Texas Baptists cut money to denomination
© St. Petersburg Times, published October 31, 2000
Texas Baptists dealt a serious blow to the Southern Baptist Convention on Monday, voting to cut off $5-million in funds to protest a recent fundamentalist shift in the nation's largest Protestant denomination.
Leaders of the Baptist General Convention of Texas, by far the largest of the denomination's state groups, and officials of the Southern Baptist Convention saw the vote as a moment of truth, a warning that dissatisfaction with the national leadership's attempts to consolidate power could become serious enough to someday split the denomination.
"This is meant to indicate our grave concern over the continuing move of Southern Baptist leaders toward a more fundamentalist position," said the Rev. Charles Wade, executive director of the Baptist General Convention of Texas. He called some of the leadership's recent decisions "almost blasphemous."

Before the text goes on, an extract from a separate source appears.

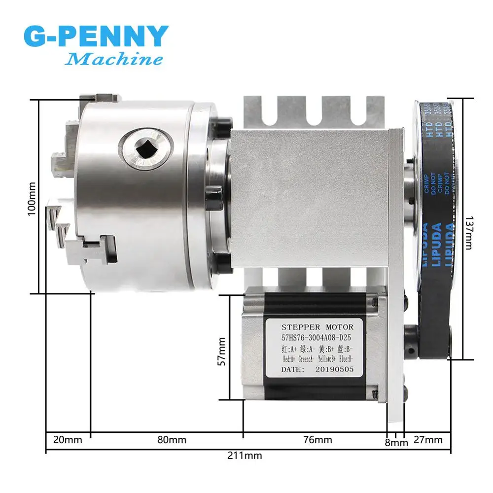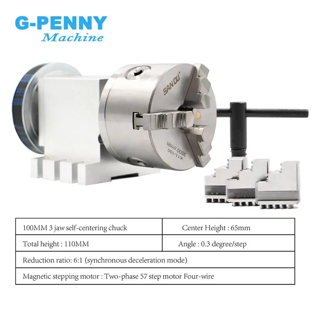 1 шт.-- 4-я ось 100 мм 3-х кулачковый патрон(Положительная челюсть и встречная челюсть)

Southern Baptist leaders who had traveled to the annual state convention in Corpus Christi to lobby Texas leaders were shaken by Monday's vote.
"It's a very sad day for the Southern Baptists and for the spirit of cooperation," the Rev. Bill Merrell, spokesman for the Southern Baptist Convention, said after the vote. "Many see this as the beginning of the endgame in which a new national convention will be formed."
The vote follows the defection of hundreds of churches around the country after the central leadership's June vote to ban female pastors and its declaration two years earlier that wives should "submit graciously" to their husbands.
This month, former President Jimmy Carter mailed a letter to 75,000 Baptists saying he "can no longer be associated" with the Southern Baptist Convention because the denomination's leadership has become "increasingly rigid," imposing a doctrine that "violates the basic tenets of my Christian faith."
The 2.7-million Texans, who represent nearly a fifth of Southern Baptists, voted Monday to cut most of the money -- $4-million -- they give to six Southern Baptist seminaries. Wade said the seminaries teach an "over-direct evangelizing" style at the expense of more traditional Christian social work.
Instead, they will divert that money to the three more moderate Texas Baptist seminaries. Almost half of Southern Baptist seminarians attend schools in Texas.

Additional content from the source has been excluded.